● WHAT YOU HAVE TO DO: Retype the lines below exactly, but only those from the line that has "商品名称:心卓婴童馆 2026新款三丽鸥凉感丝冰豆豆被被子被芯-成人图 草莓美乐蒂" through the line that has "Praktikus, nagy méretű". Omit every picture.

● EXTRACTED ENTRIES:
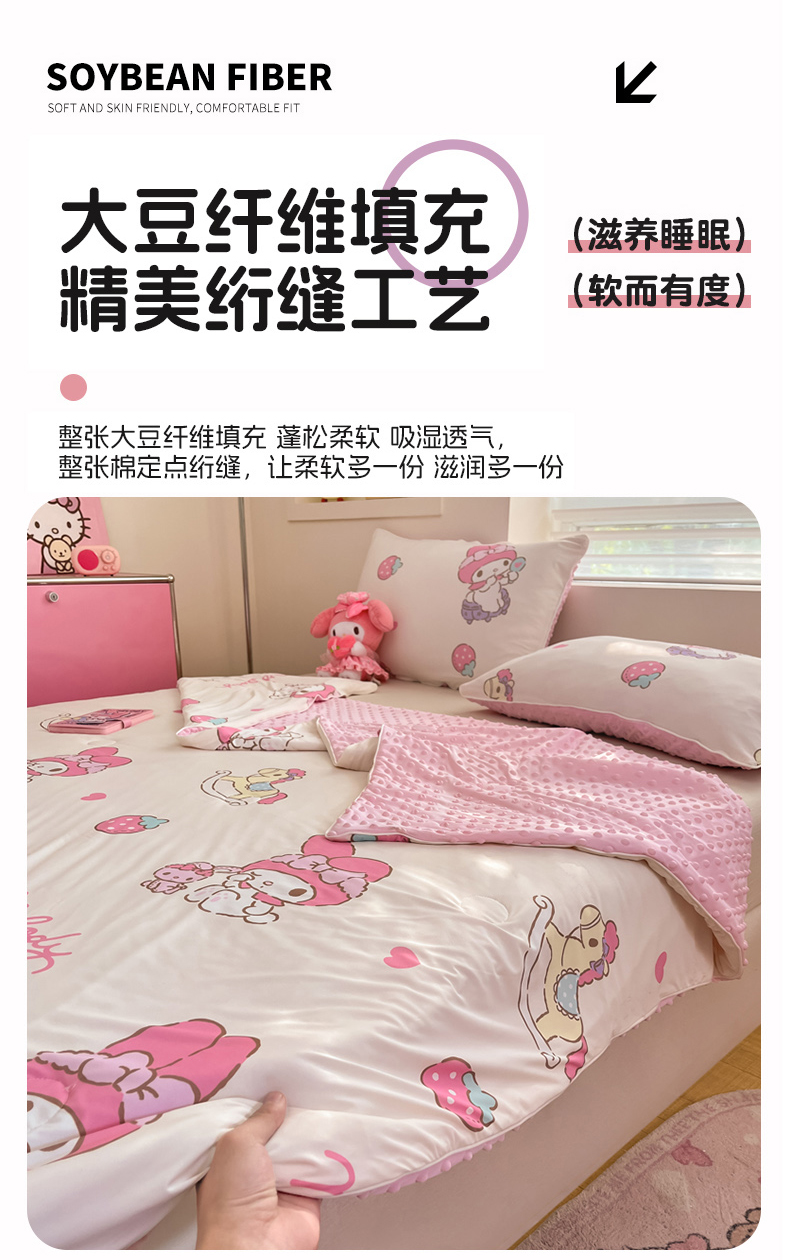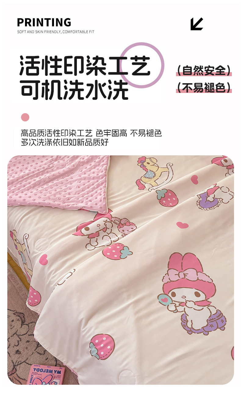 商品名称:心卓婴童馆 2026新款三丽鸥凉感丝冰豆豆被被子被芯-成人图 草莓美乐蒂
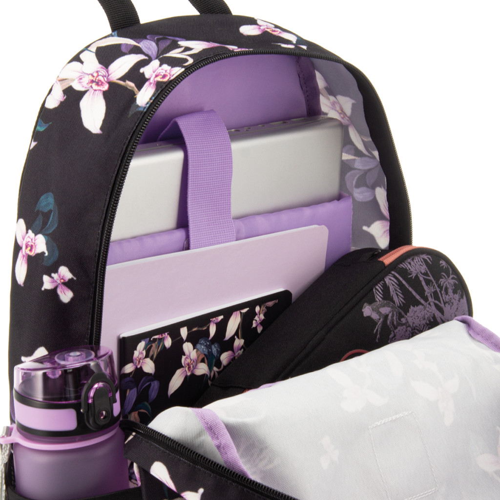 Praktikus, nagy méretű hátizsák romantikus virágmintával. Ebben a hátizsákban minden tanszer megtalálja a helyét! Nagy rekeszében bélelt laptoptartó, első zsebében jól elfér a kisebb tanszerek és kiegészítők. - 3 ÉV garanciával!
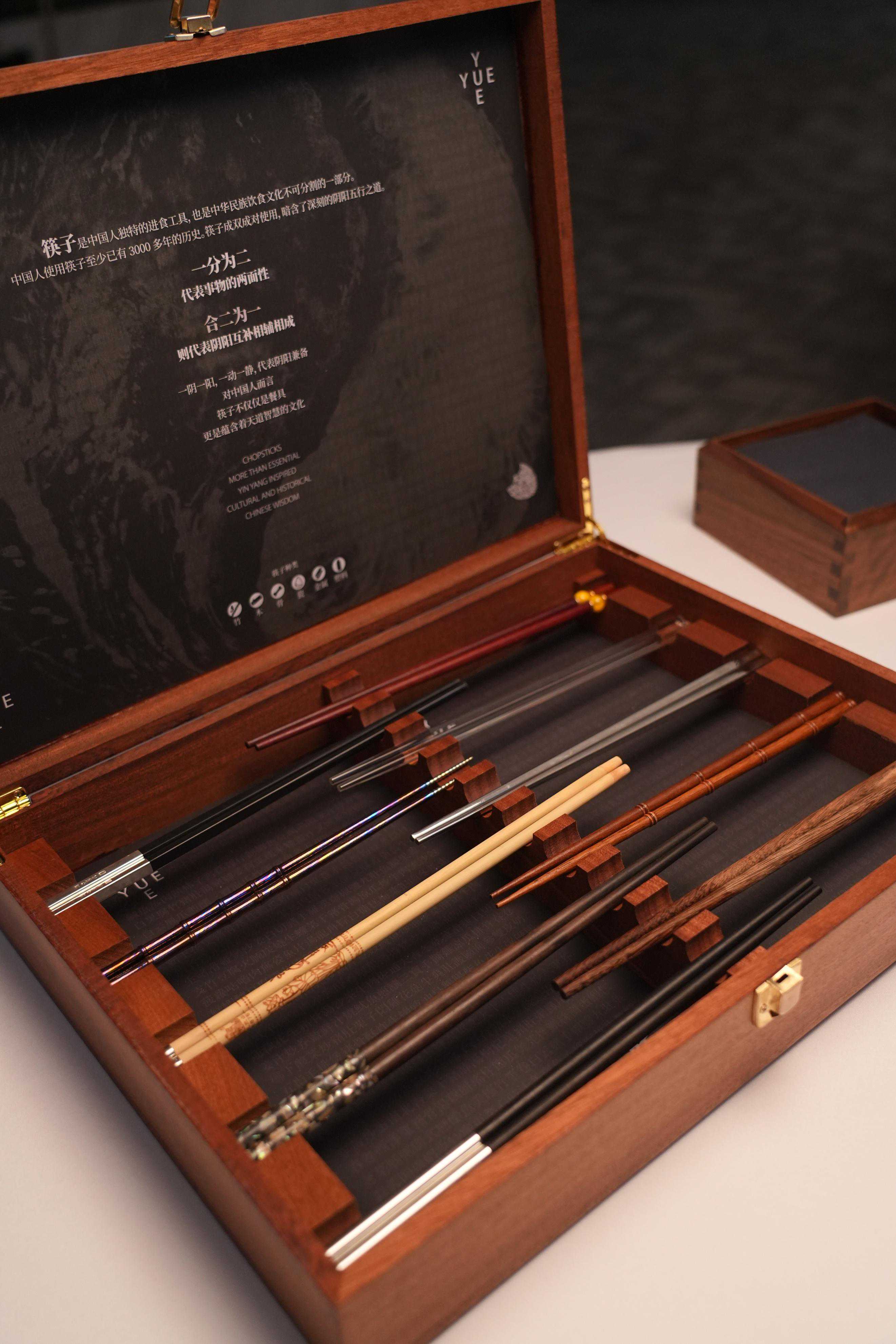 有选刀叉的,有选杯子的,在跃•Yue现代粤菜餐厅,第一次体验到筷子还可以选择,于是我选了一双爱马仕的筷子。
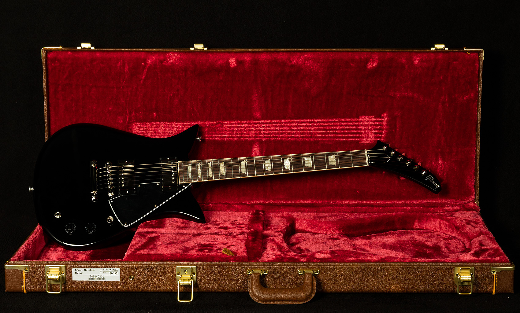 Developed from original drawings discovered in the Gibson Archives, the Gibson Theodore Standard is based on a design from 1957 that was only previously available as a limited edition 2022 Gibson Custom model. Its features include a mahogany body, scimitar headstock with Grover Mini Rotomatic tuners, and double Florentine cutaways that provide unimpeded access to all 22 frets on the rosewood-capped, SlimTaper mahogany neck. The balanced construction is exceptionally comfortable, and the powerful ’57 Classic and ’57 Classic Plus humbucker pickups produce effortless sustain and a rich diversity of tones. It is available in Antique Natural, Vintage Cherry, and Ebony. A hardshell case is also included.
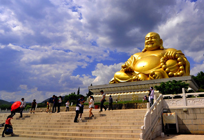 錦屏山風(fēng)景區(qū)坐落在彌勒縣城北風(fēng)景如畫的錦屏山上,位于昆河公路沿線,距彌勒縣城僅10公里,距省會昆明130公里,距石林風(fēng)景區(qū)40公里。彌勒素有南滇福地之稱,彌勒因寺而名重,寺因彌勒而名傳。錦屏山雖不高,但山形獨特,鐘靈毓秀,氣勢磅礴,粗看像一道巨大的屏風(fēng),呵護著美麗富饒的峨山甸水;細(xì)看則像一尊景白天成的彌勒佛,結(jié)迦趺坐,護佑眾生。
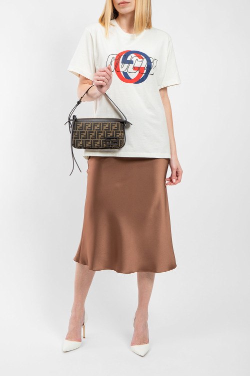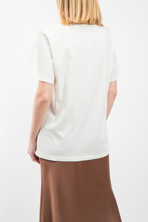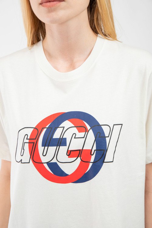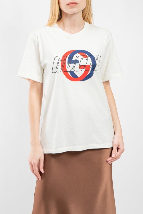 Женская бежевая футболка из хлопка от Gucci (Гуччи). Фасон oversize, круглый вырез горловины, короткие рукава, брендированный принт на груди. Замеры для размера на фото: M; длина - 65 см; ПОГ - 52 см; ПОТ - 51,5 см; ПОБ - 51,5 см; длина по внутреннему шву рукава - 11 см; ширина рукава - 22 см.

* * *

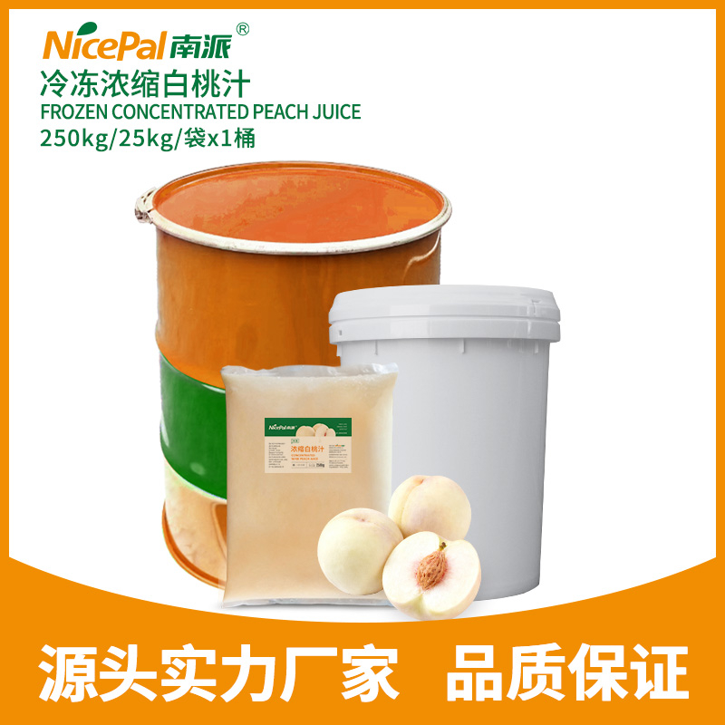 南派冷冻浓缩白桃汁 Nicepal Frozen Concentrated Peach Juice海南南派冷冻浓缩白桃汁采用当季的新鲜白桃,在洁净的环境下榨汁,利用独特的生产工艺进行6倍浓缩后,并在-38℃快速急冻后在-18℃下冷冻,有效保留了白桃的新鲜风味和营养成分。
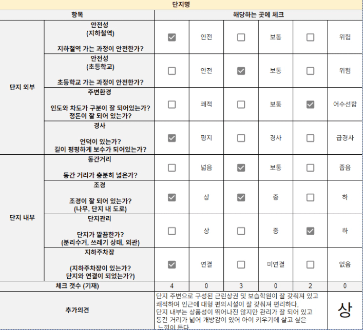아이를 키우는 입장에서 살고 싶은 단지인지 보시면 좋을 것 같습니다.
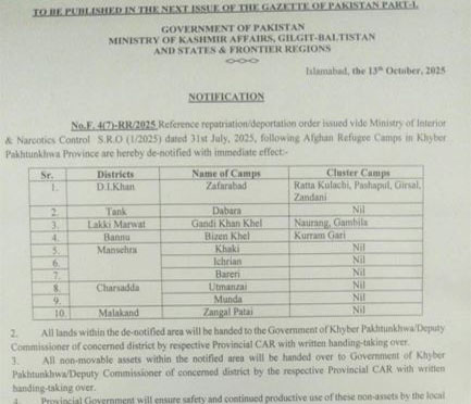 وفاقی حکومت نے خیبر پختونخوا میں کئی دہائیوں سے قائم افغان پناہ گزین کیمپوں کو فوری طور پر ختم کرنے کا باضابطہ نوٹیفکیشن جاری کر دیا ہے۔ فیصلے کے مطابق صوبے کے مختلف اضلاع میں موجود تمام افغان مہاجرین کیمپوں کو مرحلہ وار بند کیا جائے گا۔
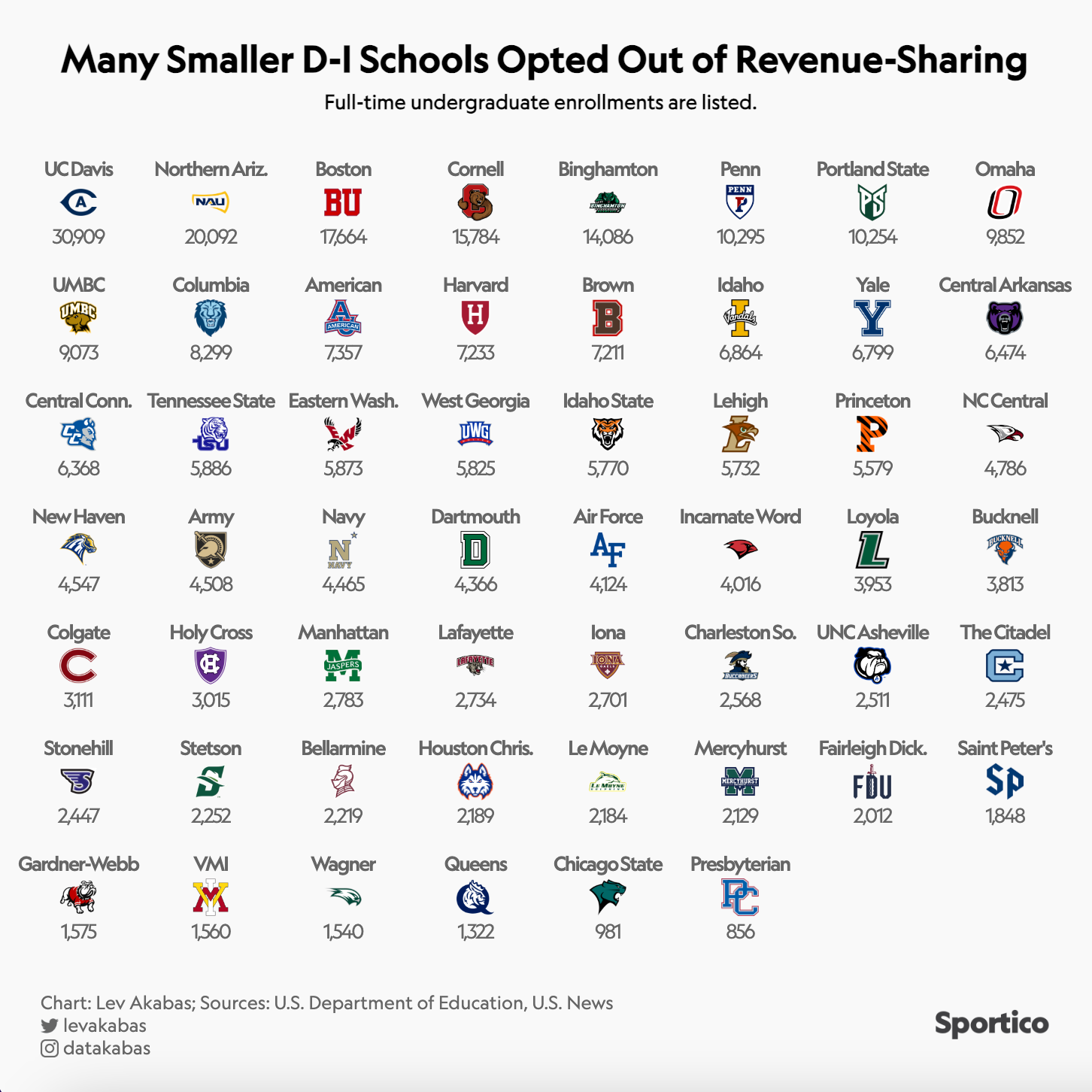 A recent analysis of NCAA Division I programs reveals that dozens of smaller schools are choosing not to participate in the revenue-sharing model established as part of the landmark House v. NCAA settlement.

● SOLUTION TO THE PROBLEM:
 商品名称:心卓婴童馆 2026新款三丽鸥凉感丝冰豆豆被被子被芯-成人图 草莓美乐蒂
 Praktikus, nagy méretű hátizsák romantikus virágmintával. Ebben a hátizsákban minden tanszer megtalálja a helyét! Nagy rekeszében bélelt laptoptartó, első zsebében jól elfér a kisebb tanszerek és kiegészítők. - 3 ÉV garanciával!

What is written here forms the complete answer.